Supplied data:
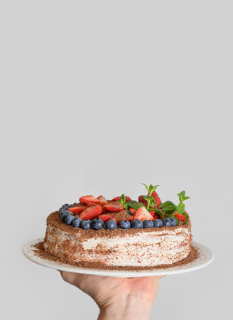 Homemade tasty biscuit cake with mascarpone cheese decorated berries, mint, strawberries and blueberries in hand. Vertical format. Birthday.
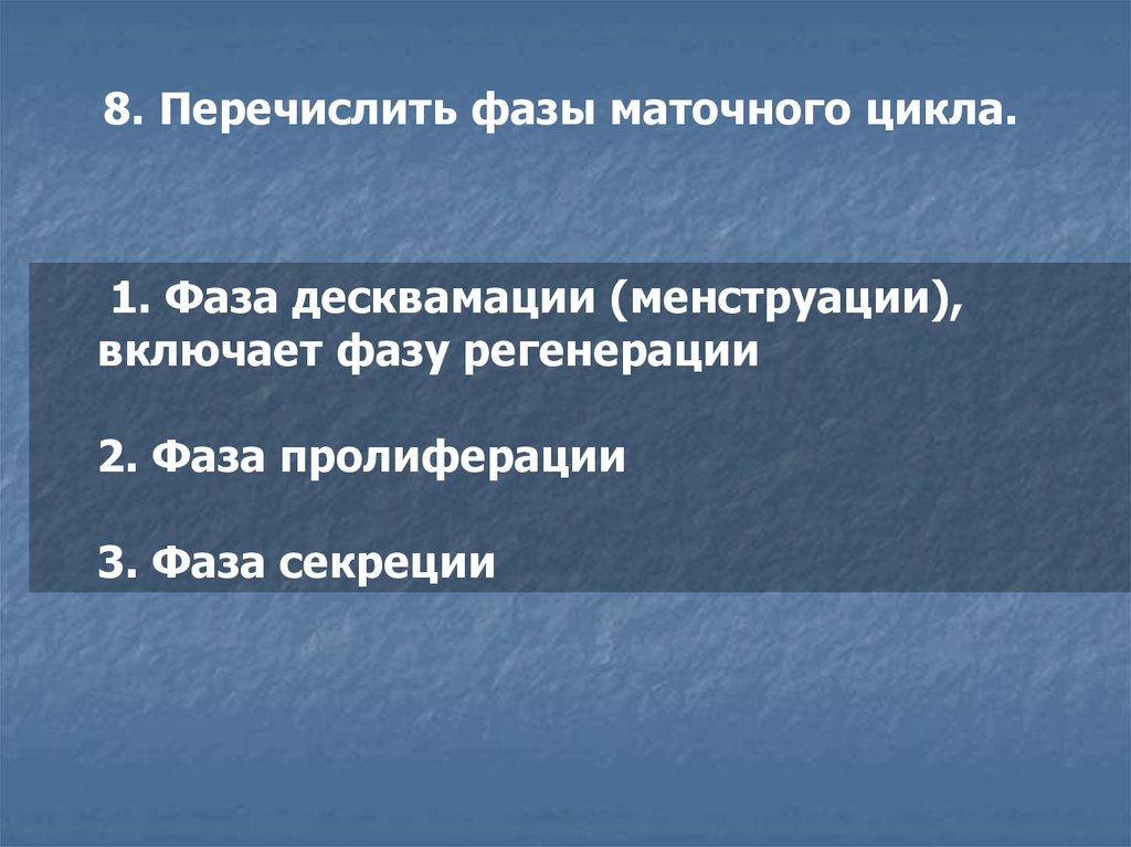 8. Перечислить фазы маточного цикла.1. Фаза десквамации (менструации),
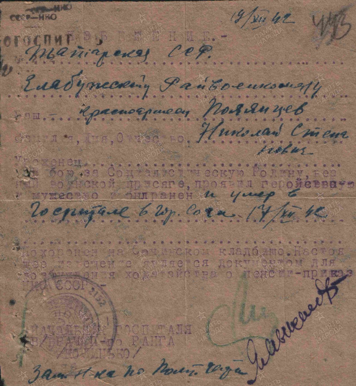 | 1609424016 | Полянцев Николай Степанович | моб. Елабужским РВК, кр-ц, умер от ран 17.12.1942, зах.: краснодарский край, г. Сочи. | Республика Татарстан, Елабужский район |
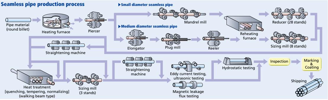 SS Seamless Pipes Manufacturing Process Chart

What the task requires: A faithful, word-for-word copy of the data is needed; the pictures should not appear in it.

Reply:
 Homemade tasty biscuit cake with mascarpone cheese decorated berries, mint, strawberries and blueberries in hand. Vertical format. Birthday.
 8. Перечислить фазы маточного цикла.1. Фаза десквамации (менструации),
 | 1609424016 | Полянцев Николай Степанович | моб. Елабужским РВК, кр-ц, умер от ран 17.12.1942, зах.: краснодарский край, г. Сочи. | Республика Татарстан, Елабужский район |
 SS Seamless Pipes Manufacturing Process Chart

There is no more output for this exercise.